START PROVIDED DATA

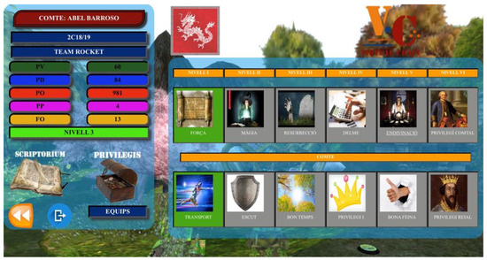 The students use VirtualCraft at the classroom, by means of their smartphones. At the classroom they may receive points from the teacher if they perform adequately in their normal duties at the classroom. They may also acquire and use privileges, which are actions in the real world. For example, a priest of the “master” level may acquire and use the privilege of their team having five extra minutes for a test. Many privileges apply to the complete team, so the students are interested in the evolution of all the members of the team. The levels and points obtained at class have impact in the virtual world VirtualTouch.
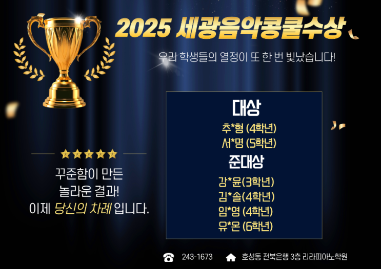[전주송천동음악학원 엘뮤직아카데미] 2025 하반기 한국 영재 콩쿠르 전원 입상 소식
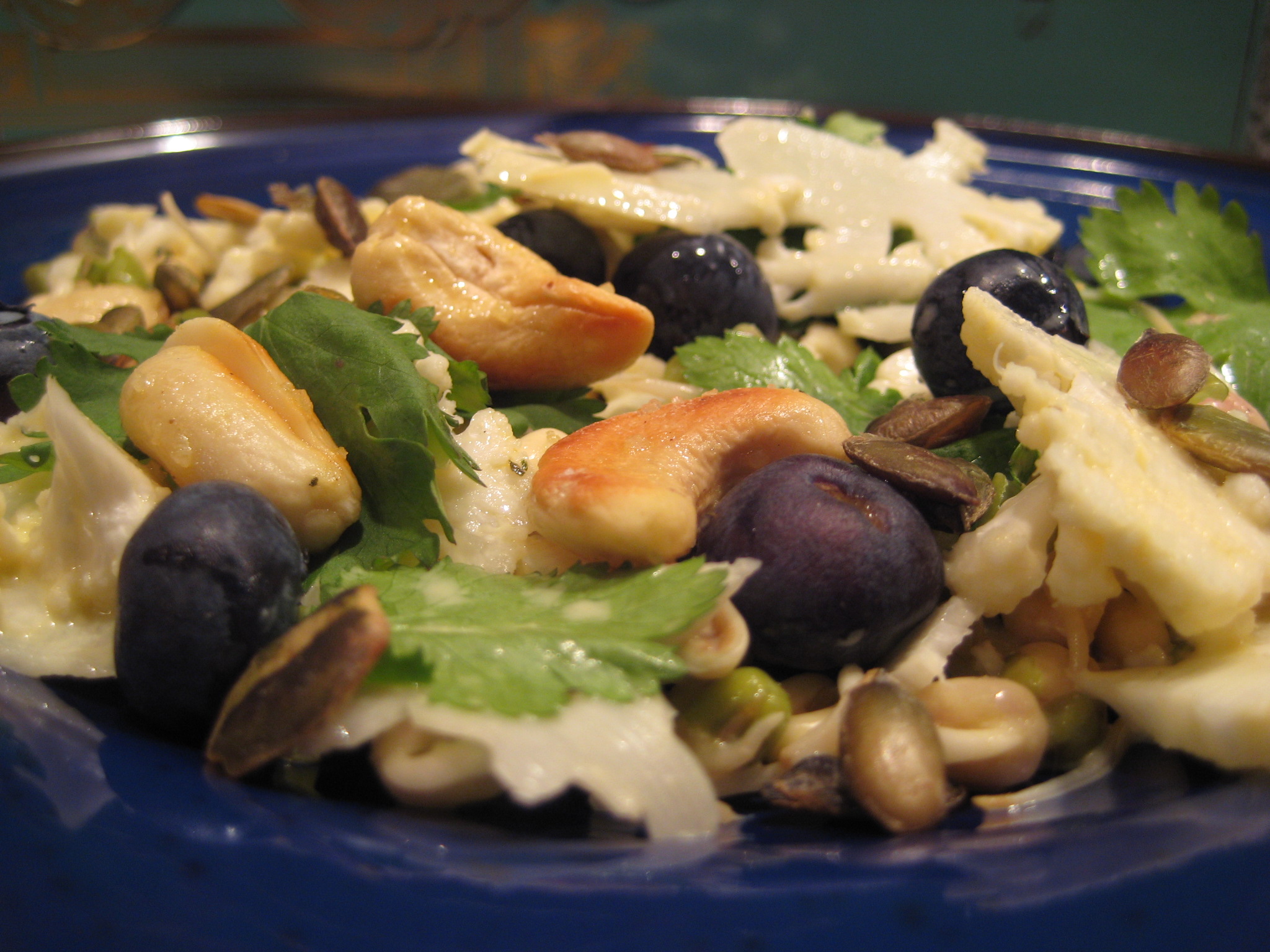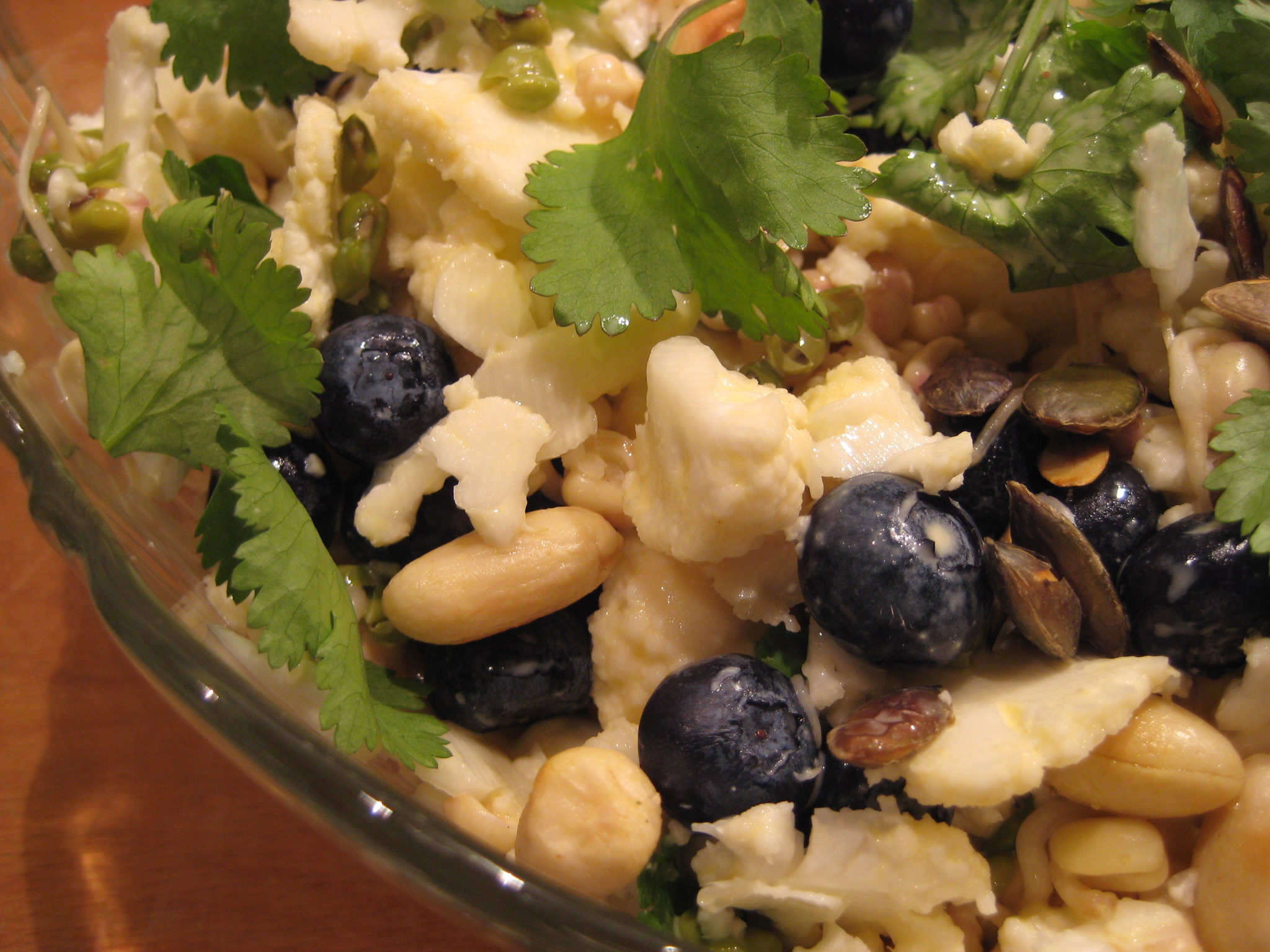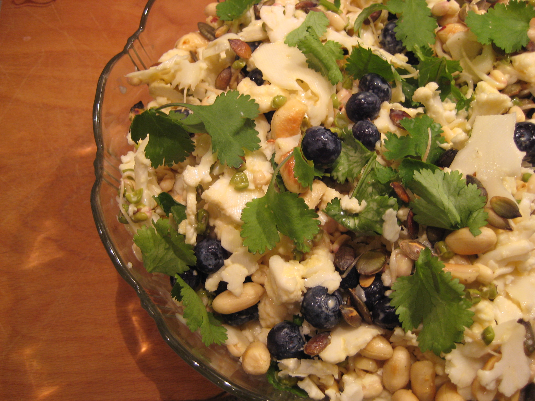 Pisk dressingen sammen med en elpisker eller en stavblender. Bruger man en stavblender, kan det hele blandes på en gang. Bruges en elpisker, skal olien piskes langsomt i til sidst (ellers skiller dressingen). På den rå blomkål fjernes blade og stok (del den først i kvarte, så går det nemt). Kålen skæres i meget tynde skiver (f.eks. med et mandolinjern, hvilket giver et rigtig flot resultat). Cashewnødderne ristes og saltes (hvis ikke de er det i forvejen). Det hele blandes i dressingen sammen med blåbær og koriander. Må gerne trække i ca 1 time, inden servering (så bliver blomkålen lidt blødere).
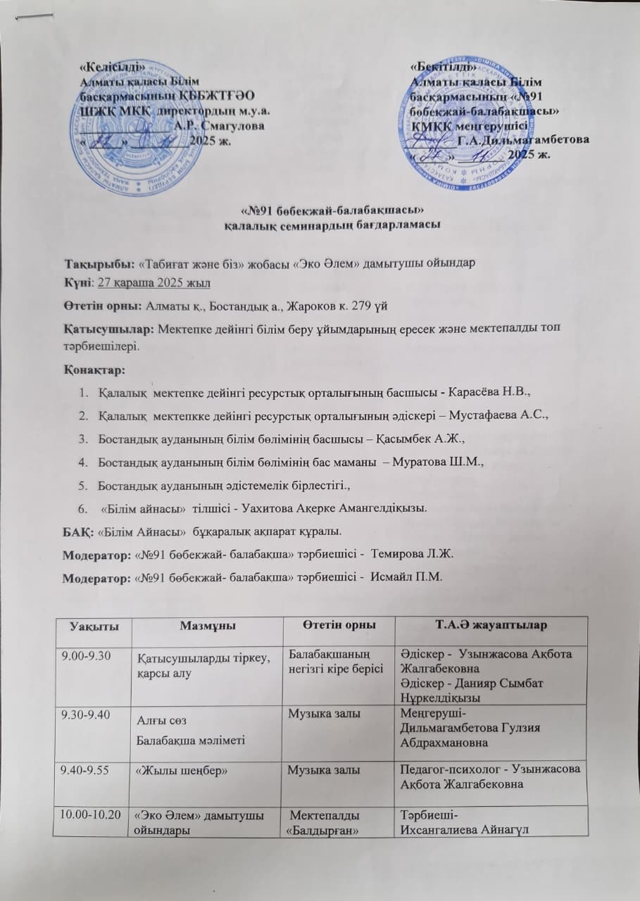 2025 жылғы 27 қарашада Алматы қаласы, Бостандық ауданы КМҚК «№91 бөбекжай-балабақшасы» базасында қалалық семинар өтті.
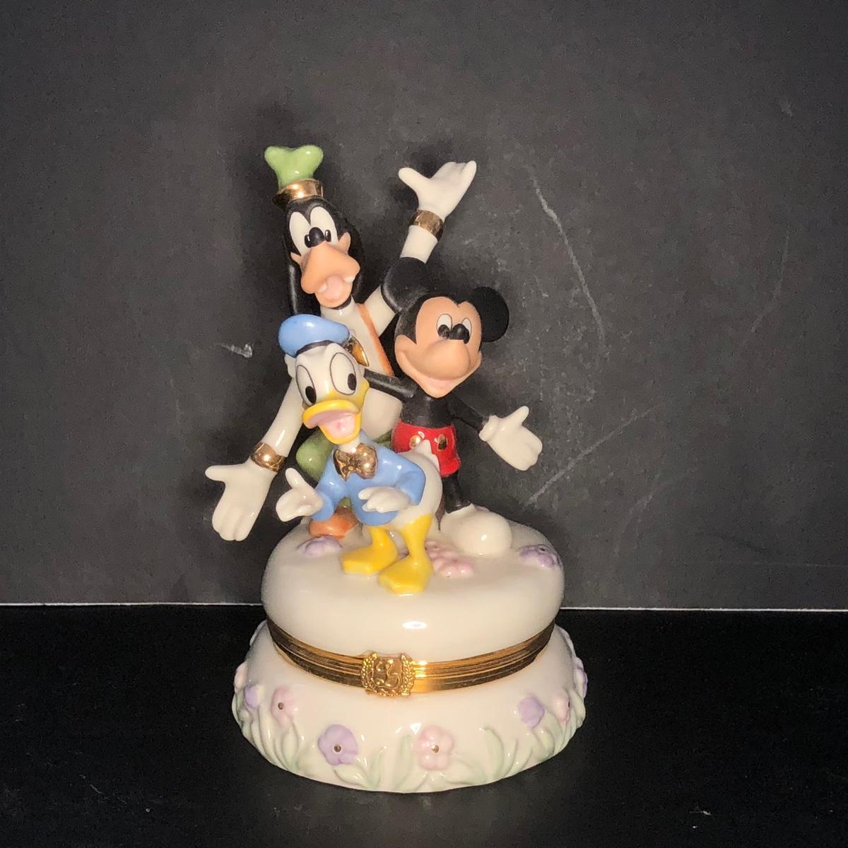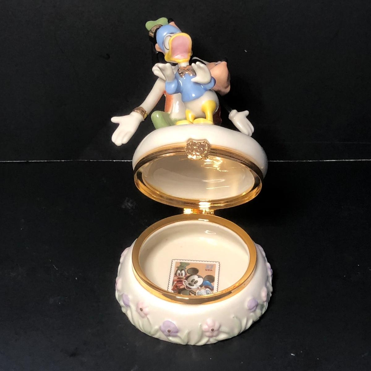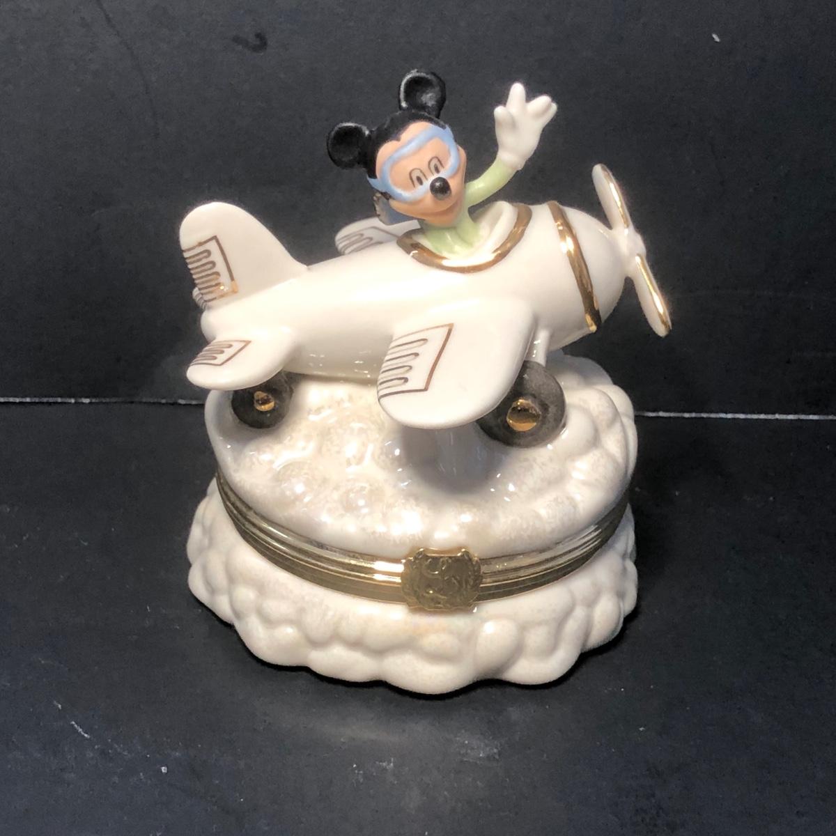 LOT 68M: Lenox Walt Disney - "Mickey Up at Bat," "Mickey & Friends Stamp Treasure Box," "Flying High Treasure Box," & Showcase Collection Sneezy Ornament

END PROVIDED DATA

▶ **WORK TO COMPLETE**
Repeat only the lines between the start of the data and the line with "[전주송천동음악학원 엘뮤직아카데미] 2025", including those two lines, and skip the pictures.

▶ **PROBLEM SOLUTION**
 The students use VirtualCraft at the classroom, by means of their smartphones. At the classroom they may receive points from the teacher if they perform adequately in their normal duties at the classroom. They may also acquire and use privileges, which are actions in the real world. For example, a priest of the “master” level may acquire and use the privilege of their team having five extra minutes for a test. Many privileges apply to the complete team, so the students are interested in the evolution of all the members of the team. The levels and points obtained at class have impact in the virtual world VirtualTouch.
[전주송천동음악학원 엘뮤직아카데미] 2025 하반기 한국 영재 콩쿠르 전원 입상 소식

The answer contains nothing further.